Las Vegas, Outubro de
2013.
Seu quarto parecia mais solitário naquele dia. O copo de conhaque não
conseguia esquentá-la, assim como não a fazia esquecer-se daquele pavoroso dia.
Estava tudo ficando embaçado diante dos seus olhos, pois não era a primeira
gota de álcool que ela colocara na boca naquele instante. Vinha bebendo
insistentemente depois de ver, em sua velha TV, no seu quarto imundo cujo era
seu esconderijo secreto, ele, o homem que ela queria ver na cova ou ser
enterrada junto a ele: o agente do FBI Nicholas Collins.
Ele não era
mais agente; recebera, naquele dia, o título de secretário de segurança dos
Estados Unidos da América. Era um dia feliz, saíra nos jornais e na TV. Nick
Collins estava sendo prestigiado e, mesmo depois de tantos anos, Jacqueline
sentia a inveja tocar seu coração e esquentá-lo. “Eu deveria estar ali. Eu era a melhor agente do FBI, mas Tyler, Cindy,
Nick e toda a corja de baba ovos filhas da puta me impediram disso”, pensava
Jacqueline, segurando com todas as suas forças o copo de conhaque. Ele trincou,
quebrou e o vidro vagabundo furou sua mão. O sangue vermelho e quente de ódio e
inveja de Jacqueline Adams tomava de conta daquele colchão, que um dia fora
branco.
O jornal
mostrava em primeira mão uma entrevista com Nick Collins. Na foto estava ele,
sua esposa Cindy Crawford e o filho do casal, Benjamin, de oito anos. Em outra
foto, Nick apertava a mão do presidente.
— Sim, Nick.
Sim! Eu te amava... ao mesmo tempo em que almejava a sua inteligência, sorte e
a sua posição no FBI. Tudo se desfez... menos a sua vida. Isso não é justo. —
os olhos de Jacqueline Adams marejavam, talvez por arrependimento ou ainda pela
inveja. Era tarde demais para qualquer ato de restauração.
Jacqueline
Adams usou a edição do The New York Times
daquele dia para estancar o sangue que saía do ferimento de sua mão esquerda.
Fora um dia
cansativo. Nick pôs a cabeça no travesseiro e esperou sua esposa Cindy, que
estava colocando Benjamin para dormir, entrar no quarto. Sentia-se um novo
homem, mais realizado, feliz. Estava casado com uma bela mulher, tinha um filho
inteligente e agora fazia parte da vida política do país, num posto cobiçado
por muitos e alcançado por poucos.
Mesmo após
tanto tempo, contudo, Nick, ao fechar os olhos, recordava nitidamente o dia do
incêndio em que ele quase perdera a vida e viu a vida de Jacqueline Adams, sua
admiradora secreta, acabar. Seu corpo nunca foi achado. Suspeitavam de que a
médica legista havia virado cinzas, fazendo o trabalho do FBI ser impossível. “Nenhum osso, nenhum pedaço de carne.

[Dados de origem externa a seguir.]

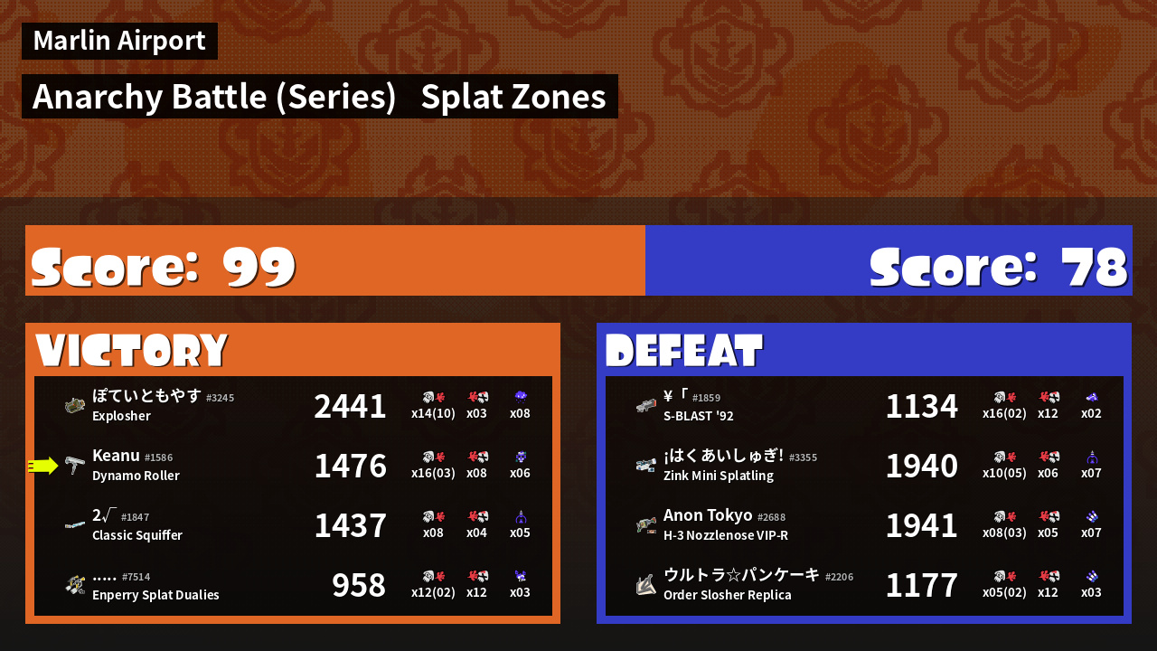 | Mode | Splat Zones - Anarchy Battle (Series) | ||
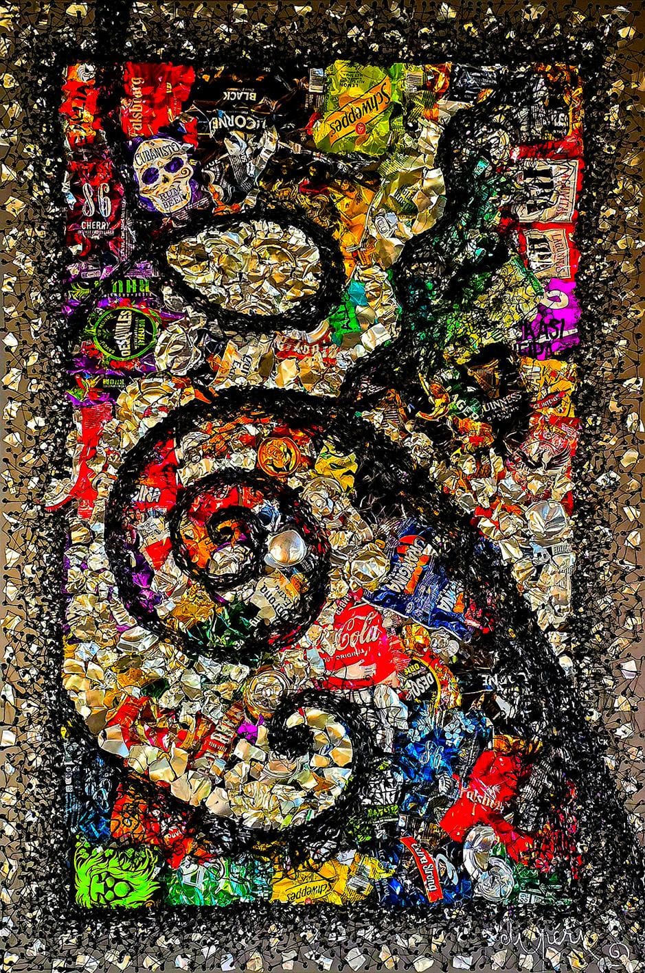 In Packchwork, the “pack” becomes a motif, the can a pixel, the act of crushing a rhythmic gesture. Each collage vibrates with color and density, questioning our relationship with consumption, branding, and transformation.
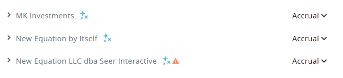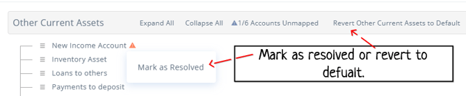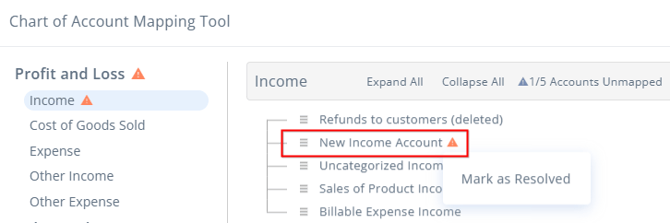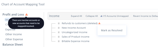 - If you decide to show inactive accounts after turning on the Mapping tool and removing inactive accounts, there will be an "unmapped" warning icon next to inactive accounts for you to Resolve
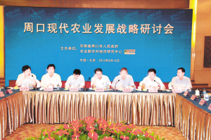 本报北京电 (记者 吴继峰) 6月10日下午,由周口市人民政府和农业部农村经济研究中心共同主办的周口现代农业发展战略研讨会在北京河南大厦隆重举行。会议的任务是深入贯彻落实《国务院关于支持河南省加快建设中原经济区的指导意见》,研讨《关于加快发展现代农业推动周口经济跨越发展的若干建议》,共话周口现代农业和经济社会发展大计。来自国家有关部委办局和部分高等院校、科研院所的领导和专家学者会聚一堂,为周口现代农业发展谋思路、提建议,共同研讨传统农区的“三化”协调发展之路。
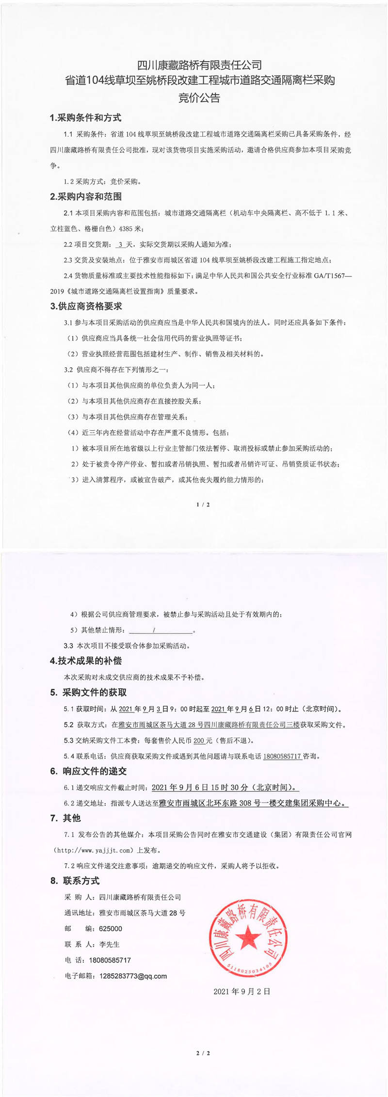 四川康藏路橋有限責(zé)任公司省道104線草壩至姚橋段改建工程城市道路交通隔離欄采購(gòu)競(jìng)價(jià)公告

Estranho”, sempre pensava Nicholas antes de dormir ou até mesmo, às vezes,
ao fazer amor com sua esposa.
— Terra
chamando Nick! Ou melhor: o mais novo secretário de segurança pública dos
Estados Unidos! — disse Cindy. Uma camisola branca cobria seu corpo negro,
escultural. Nick a beijou, dominando-a e colocando o corpo dela abaixo do seu.
— Devo tudo
a você, minha Cindy. A você, e ao nosso querido Benjamin.
— Você me dá
orgulho. Bendita a hora em que você me usou para uma investigação, lembra?
—Cindy sorriu.
Ele
respondeu à mulher com um ardente beijo. Nick gostava de beijar Cindy com os
olhos fechados, todavia, naquela ocasião, ele os abriu. Não era mais Cindy que
estava lá: era Jacqueline. O rosto dela parecia derreter, como no dia do
incêndio. Ela pronunciava as mesmas últimas palavras antes de sua suposta
morte: “EU SEMPRE TE AMEI”. Na
verdade, era Cindy que gemia de prazer. Ela notou que seu marido estava em
outro mundo, fingiu um orgasmo e virou-se na cama.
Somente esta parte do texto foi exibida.